Wednesday, 12 October 2011

With Christ in the Vessel...


Hey daily walkers
 
The other day I restarted my sermon cd in my car and today when I was driving home from dinner, I heard a sermon by Elisabeth Elliot that mentioned Mark chapter 4 where Jesus crosses the sea of Galilee by boat and a storm comes. She was talking about how God's prescence, sovereignty and love will help us have a quiet heart in the midst of trials and be like Christ as he slept on a pillow while the storm raged outside. She quoted a poem by Amy Carmichael (missionary to India) that struck a chord with me.
 
Thou art the Lord who slept upon the pillow,
Thou art the Lord who soothed the furious sea,
What matters beating wind and tossing billow
If only we are in the boat with Thee?

Hold us quiet through the age-long minute
While Thou art silent and the wind is shrill :
Can the boat sink while Thou, dear Lord, are in it;
Can the heart faint that waiteth on Thy will?

— Amy Carmichael
 
Hope the reading is continuing with everyone. Not long now til the end!
 
ur sis
 
rowas

Tuesday, 28 June 2011

Walking through Psalms

Hey we're nearly finished Psalms! Can you believe it??

 

It's been really cool reading through Psalms - so often as I read, it has been an echo of how I have been feeling (maybe a bit amplified at times - especially all the enemy talk hehe). Thank God too that the memory verses for the first two weeks of the Scripture memorisation Progam at church have been from the reading a few days ago (Ps 119) :)

 

Hope you all are going well with your reading - whether you're toward the end of Psalms, at the beginning, or still tackling the Pentateuch - keep going! We're nearly half-way through the year :D

Tuesday, 31 May 2011

Lesson from Job - swift to hear, slow to speak

I think one of the most unusual books in the Bible would be Job. Many people wonder, "why is it there?" Why do we need to read 37 chapters of bad advice from Job's friends, trying to make sense of what has happened to their friend.

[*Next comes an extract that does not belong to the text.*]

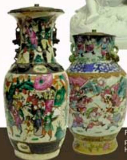
Ph.28 - Lampe en porcelaine de Nankin hauteur 48 cm

The interesting thing I found was that much of what they say, to be honest, sounded a lot like me when I talked to people going through hard times. When we talk to people going through suffering, often our many words ends up hurting rather than helping them. Sometimes God may want us to stay silent as part of our counsel, rather than recklessly throwing in our two cents. I was reminded of this during the last few weeks. There were two incidences that I found myself talking to someone who is suffering, but realising that I didn't have much to say that would not sound too different to Job's friends.  There are things that God will sometimes do that we are not able to understand at the time, and neither will our friends. Instead, our encouragement could just be that a good and loving God will do what is most good and loving.

Unicorns in the Bible

Finding that reading Job has been a blessing. It's been a good reminder of God's sovereignty and the fact that though we don't know what's going on, God is still in control.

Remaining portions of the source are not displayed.